Six years ago Osedax was first described based on specimens living on a whale carcass in 2891 m depth off California. Since then paleontologists have been searching for fossil evidence to pin down its geologic age. Now researchers at the Institute of Geosciences at the Christian-Albrechts-University at Kiel, Germany, found 30 Million year old whale bones with holes and excavations matching those of living Osedax in size and shape. The evidence of the boreholes and cavities made by the living worms was provided by Greg Rouse (Scripps Institution of Oceanography), one of the original discoverers of Osedax.
To produce accurate images of the fossil boreholes, the bones were CT-scanned by the scientists. The fossil bones belong to ancestors of our modern baleen whales and their age was determined using so-called co-occurring index fossils. “The age of our fossils coincides with the time when whales began to inhabit the open ocean” explains Steffen Kiel, who has been working on the evolution and fossil history of deep-sea ecosystems for many years. Only from the open ocean dead whales could sink to the deep-sea floor where they served as food for the boneworms. “Food is extremely rare on the vast deep-sea floor and the concurrent appearance of these whales and Osedax shows that even hard whale bones were quickly utilized as food source,” Steffen Kiel explains the relevance of their discovery.

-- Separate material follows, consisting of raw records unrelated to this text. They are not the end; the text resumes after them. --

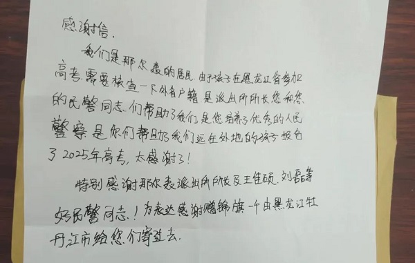 9月18日上午,靖宇县公安局那尔轰派出所收到了张先生送来的锦旗和感谢信,感谢民警及时帮助其儿子补齐了所有2025年高考报名所需的材料。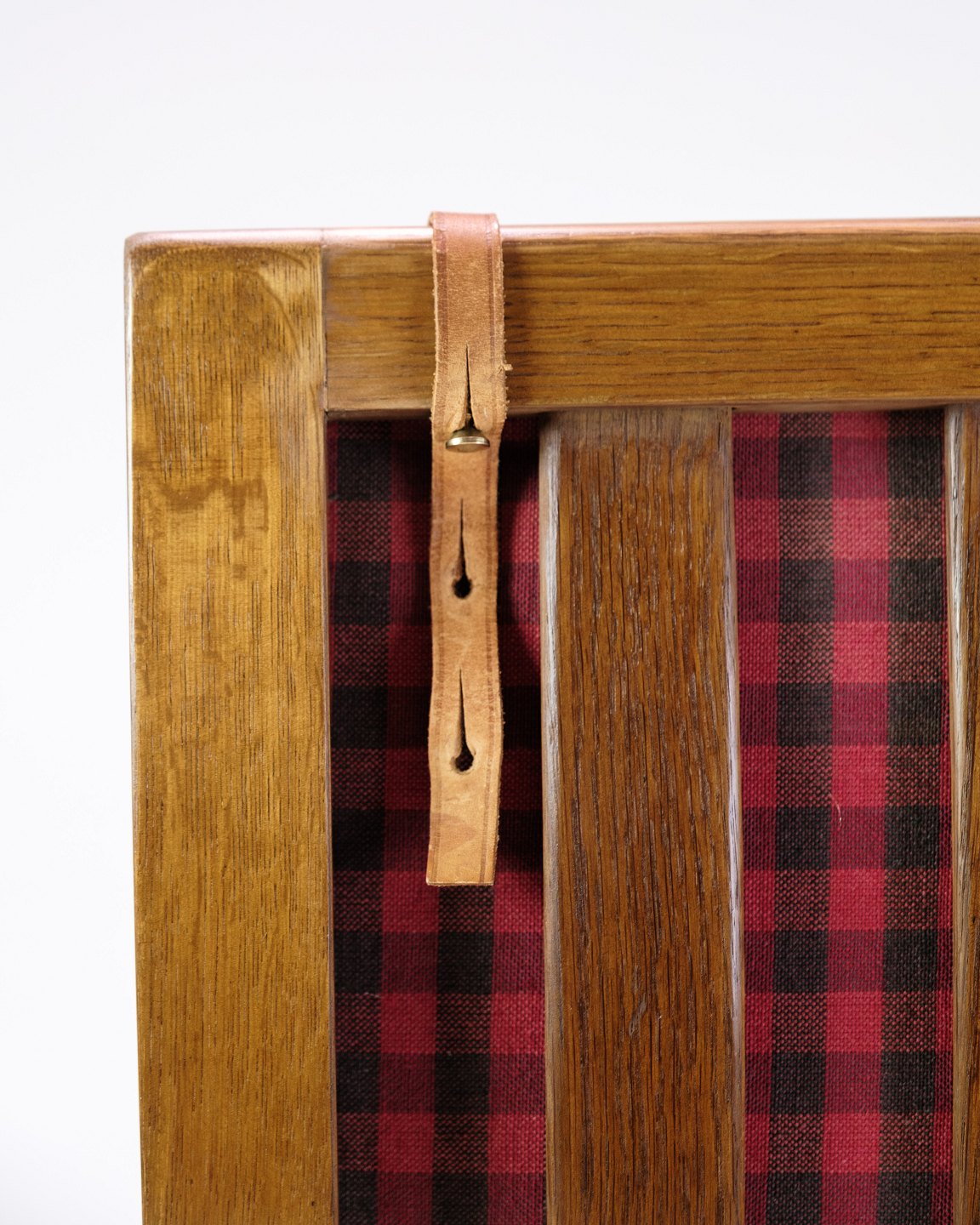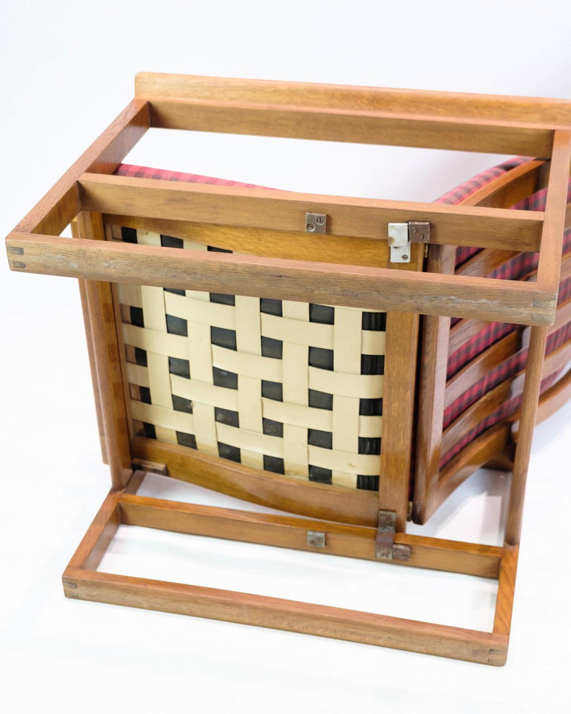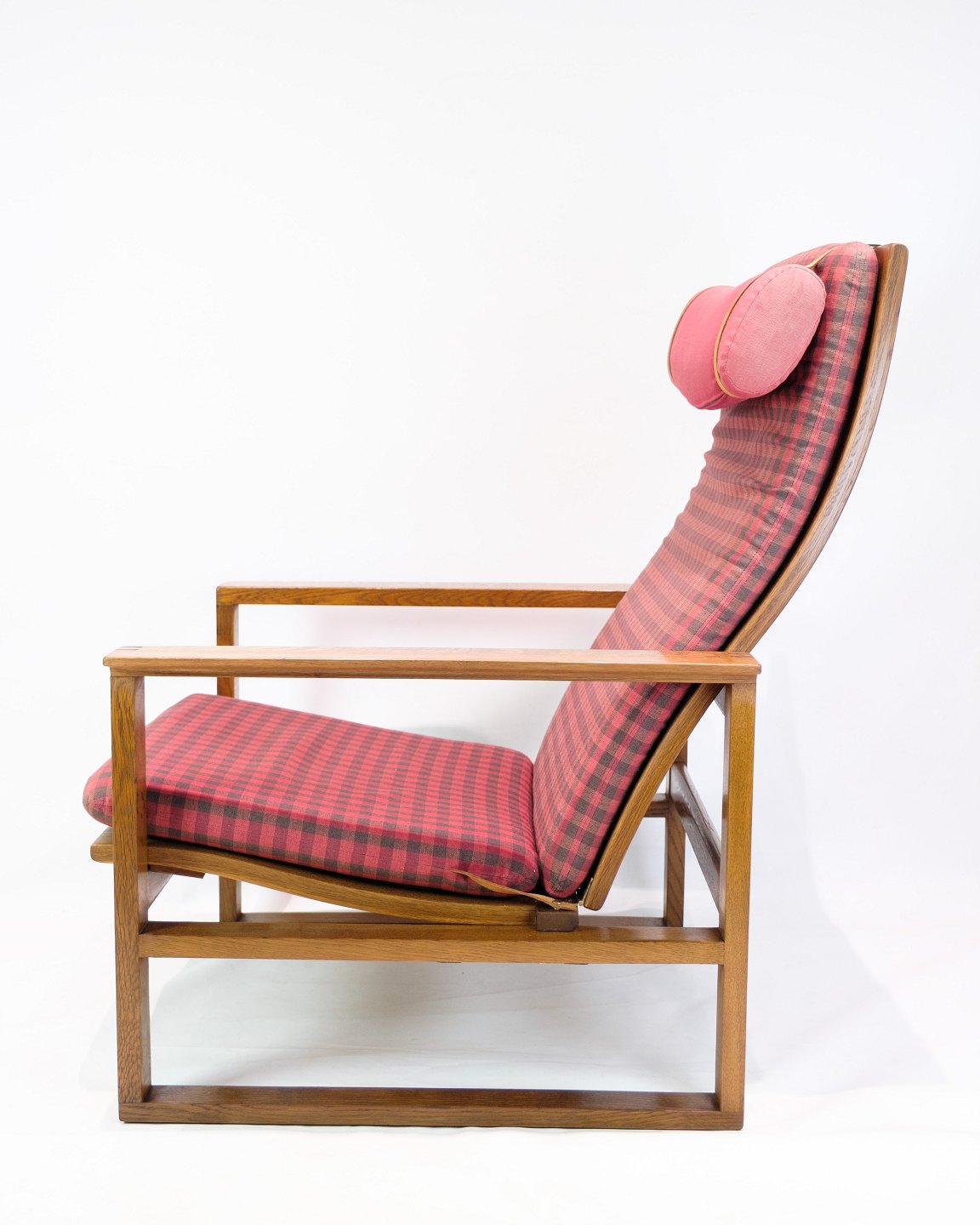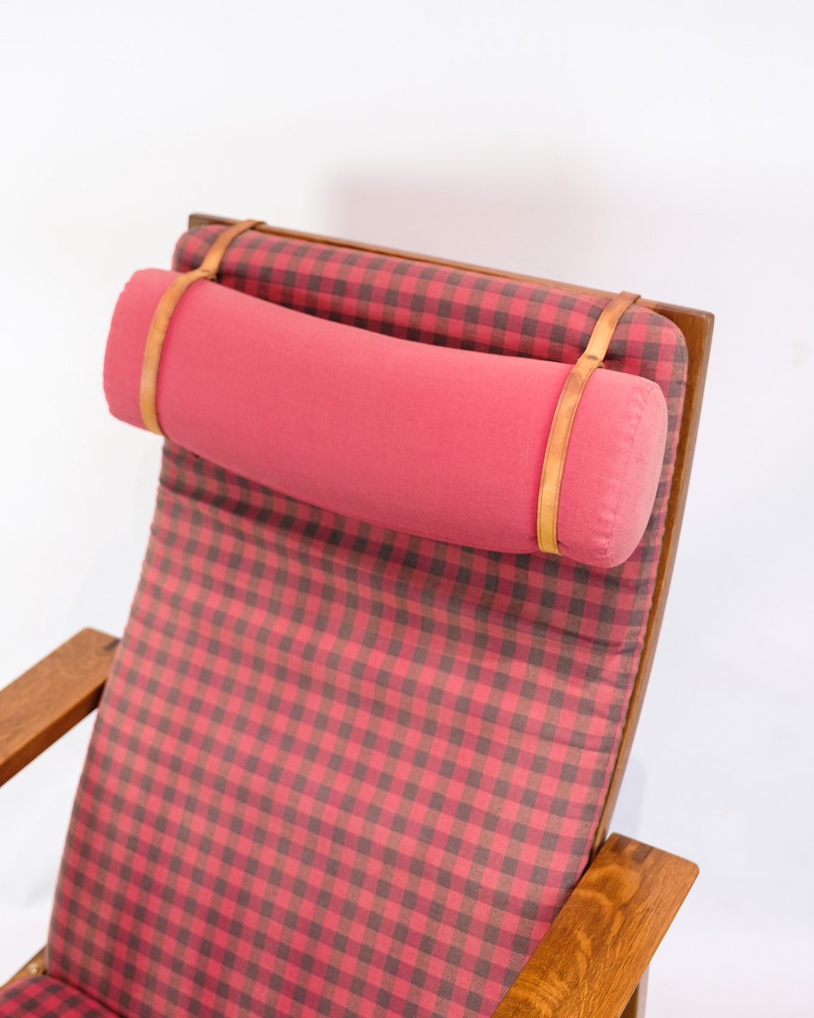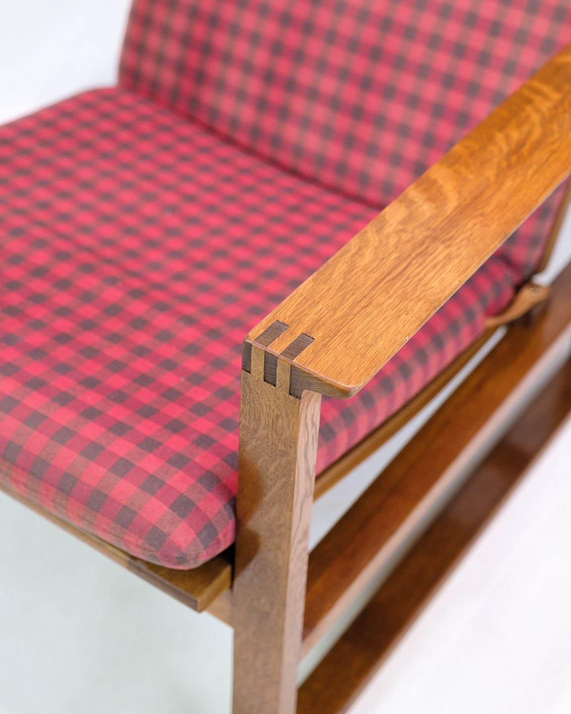 Original Slædestol, model BM2254, designet af Børge Mogensen i 1958 og udført af Fredericia Stolefabrik. Stolen er lavet i olieret egetræ med tappede samlinger og løse hynder i rødt/ternet stof samt nakkepude.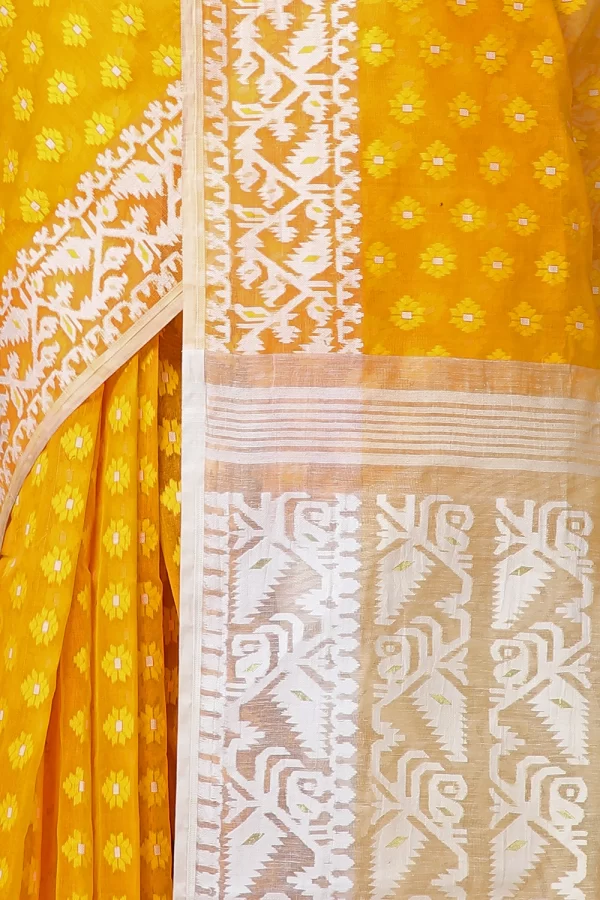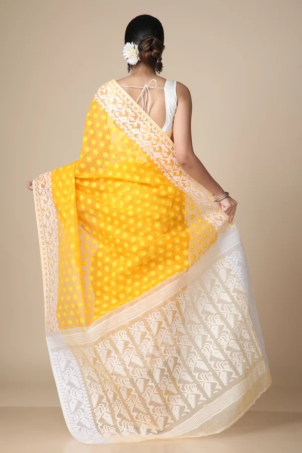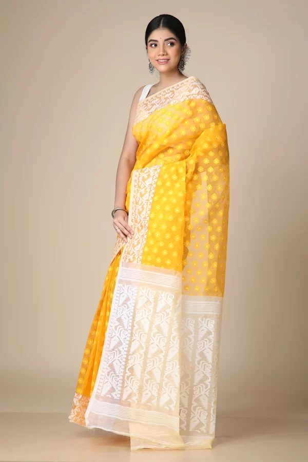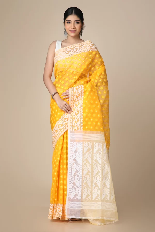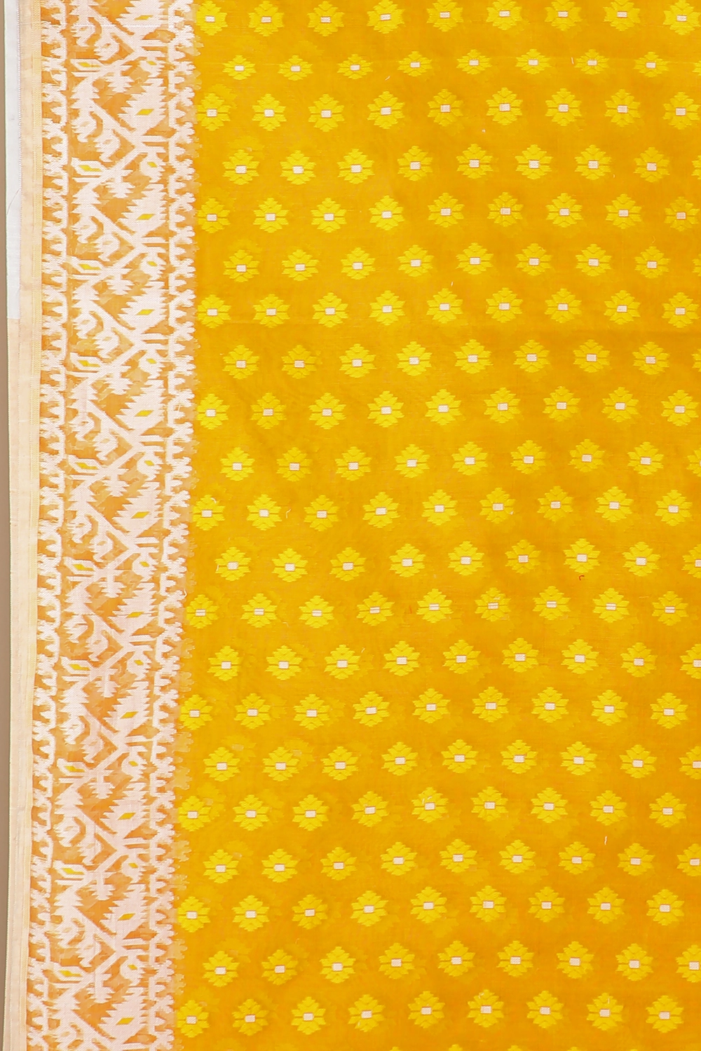 This Yellow Dhakai Jamdani Saree Is Made With A Mixture Of Cotton And Has Beautiful Contrast Jamdani Designs All Over It. This Is A Non-Hand-Woven Ethnic Artefact From West Bengal, Symbolizing The Ageless Elegance Of Tradition And Artistry. It Is The Perfect Ethnic Wear For Any Occasion. Dry Clean Only.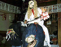 別名”四人鞭”とも呼ばれる竜神の舞に続いて山の神がシシ二頭を引き連れての舞です。シシは鹿と同じように山の神の従者だと考えられています。神庭で山の神とたわむれ神楽宿の外に出たシシは連れだって村内をくまなく回り、各戸の無病息災を山の神に代わって見届けます。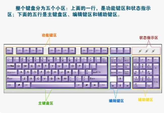 1、可以看出键盘分成五个区域,为功能键区、状态指示区、主键盘区、编辑键区、辅助键区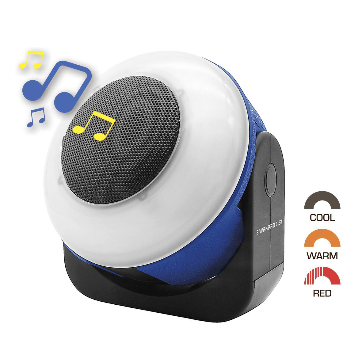 Smart arbejdslampe med indbygget 5W bluetooth højtaler og 4 forskellige LED lys funktioner (varmt, koldt, rødt, blinkende rødt). Lyset kan drejes i en 180 grader vinkel.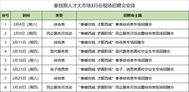為進一步做好穩(wěn)就業(yè)工作,服務(wù)企業(yè)人才需求促進群眾家門口就業(yè),秦創(chuàng)原人才大市場還將在3月份舉辦多場專題招聘會,歡迎大家積極報名參與。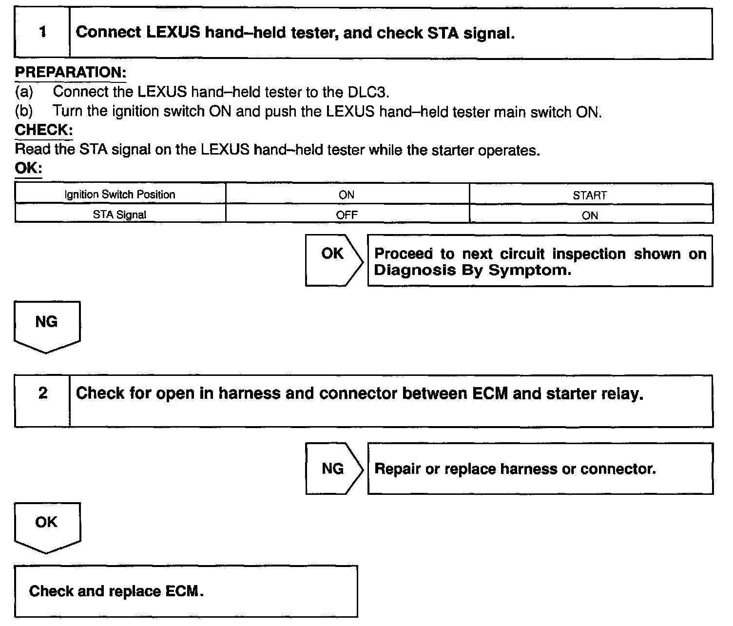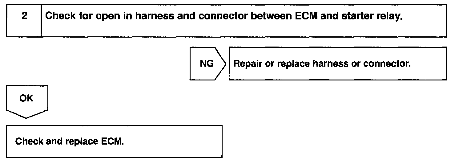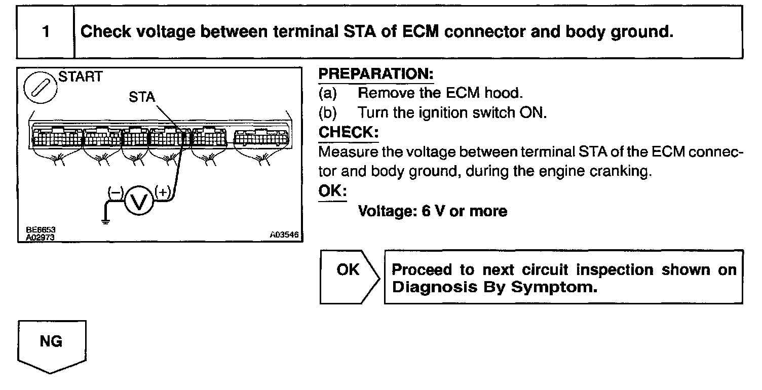 CIRCUIT DESCRIPTIONWhen the engine is cranked, the intake air flow is slow, so fuel vaporization is poor. A rich mixture is therefore necessary in order to achieve good startability. While the engine is being cranked, the battery positive voltage is applied to terminal STA of the ECM. The starter signal is mainly used to increase the fuel injection volume for the starting injection control and after-start injection control.

The ancient bones were found by the American fossil collector Jim Goedert. He has been collecting fossil along the American Pacific coast for more than 30 years and is well known in the scientific community. Steffen Kiel says: “I got to know Jim when I was a PhD student, when he visited Hamburg University. We kept in touch ever since.” By now, Steffen Kiel has done several field trips with Jim Goedert to the US Pacific coast, a geologically active area where fossil-rich sediments are continuously uplifted by plate tectonic processes.
Vertebrate paleontologists are probably less happy about the old age of Osedax: because it has been feeding on bones for most of the evolutionary history of whales, it is likely to have destroyed many potential whale fossils.